Early alarm and alert
WhaTap Resource Board provides a chart of top 5 lists of servers and processes with the highest resource usage. Widgets from the early alarm perspective help you identify potentially problematic servers, located on the right and bottom respectively.
When the resource usage is high, problems inevitably occur. Through Top 5 list charts, WhaTap searches the target servers with the high resource usage such as CPU, memory, disk I/O, and network that are key metrics of Server Monitoring, processes with high CPU and memory usage, and other issues to help you solve them.
Before a bigger problem occurs, an example is to be suggested to detect a major system issue through WhaTap Resource Board. If you look at the Disk I/O Top 5 widget on the following example screen, you can see the current status of devices with the high disk I/O relative to available capacity.
As a result of reviewing the history of failures that occurred in the same equipment based on the status data of the example, you can see that abnormal situations such as slowdown and index file corruption occurred. In response, we introduced SSD and took actions to use the NAS snapshot backup for the part that was difficult to introduce in large capacity, and solved the disk I/O issue.

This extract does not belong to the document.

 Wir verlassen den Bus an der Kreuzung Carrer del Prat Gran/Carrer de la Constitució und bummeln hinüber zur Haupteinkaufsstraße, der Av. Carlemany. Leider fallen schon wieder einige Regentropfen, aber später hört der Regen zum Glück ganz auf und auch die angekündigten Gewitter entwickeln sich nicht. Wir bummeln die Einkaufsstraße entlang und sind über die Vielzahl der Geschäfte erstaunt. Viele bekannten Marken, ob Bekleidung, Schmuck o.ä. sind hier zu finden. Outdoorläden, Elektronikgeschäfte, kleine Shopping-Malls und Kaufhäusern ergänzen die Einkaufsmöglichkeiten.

Alert Status that allows you to check the recent event trend, can be checked by selecting in the fixed menu at the top of Resource Board. WhaTap provides its own default alert threshold settings. Once the agent has been installed and data has been collected, alerts can be checked from then on without any setting. For example, the disk I/O (%) metric displays the disk utilization in 5 seconds. Disk I/O (%) above 80% can affect the system performance. Disk I/O 100% indicates that the disk is working non-stop. The default warning value setting for disk I/O (%) in WhaTap Server Monitoring is 90%. In other words, if it exceeds 90%, the alert is triggered immediately even if there is no threshold setting.

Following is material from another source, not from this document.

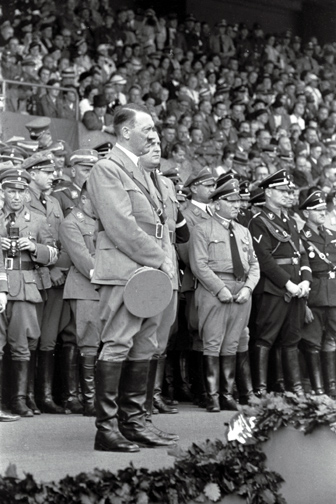 甫一上臺,希特勒對內擴大軍工生產,修築高速公路等浩大工程,對外則大談和平,頻頻與領國蒂結互不侵犯條約。一時間國內經濟快速增長,失業已成為過去時,每人擁有一輛“大眾”牌轎車幾乎成為懸在嘴邊張口可得的充饑畫餅,在1936年奧林匹克運動會上德國獲得的89年獎牌,似乎更使他有理由自譽為人民的“導師”,而其在國際事務中溫和反戰的演技,令當時世界上為數不菲的政要們呼籲將1938年的諾貝爾和平獎授予他這個戰爭惡魔。然而在這些表像的背後,卻是他甫一上臺的1935年就建立了對反對派施虐殺戮的第一批集中營,在利用群體抹殺個體存在的“國防運動”中,將15歲至18歲的青年納入“希特勒青年團”中接受軍事訓練,讓民眾從思想和體能上接受幷適應戰爭,而猶太人和鄰國則成為他多疑恐懼病癥的渲泄!

WhaTap's default alert settings allow you to quickly start monitoring as soon as installing the agent without any complicated steps. It is a result of adopting efficiency and user convenience, the characteristics of WhaTap Server Monitoring. For more information about the alert settings of Server Monitoring, including easy-to-set process alerts, see the following.

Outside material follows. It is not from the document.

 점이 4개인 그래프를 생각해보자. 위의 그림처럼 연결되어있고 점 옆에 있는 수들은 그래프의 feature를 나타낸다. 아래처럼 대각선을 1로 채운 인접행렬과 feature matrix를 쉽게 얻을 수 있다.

Resource Board is an efficient dashboard that summarizes the status information of the entire server and provides a concise and issue-oriented view. Through the main chart (CPU Resource Map) to detect the number and trend of servers with CPU issues at the same time and the Top 5 list for each key metric of OS Monitoring, the target resources with high potential for issues to occur are exposed and the alerts from the server are displayed in chronological order. WhaTap's intuitive and compact dashboard configuration is more useful when large systems need to be monitored.
Additional use of dashboards
- If is selected in the Top 5 widgets for each resource, the Resource Equalizer menu displays the real-time usage of all servers.
- The detailed server-level information can be checked in the Server Detail menu, which is moved by selecting the chart area in the widget.
- To view the server resource consumption patterns or compare them with the load design, use Analysis > Metrics Chart.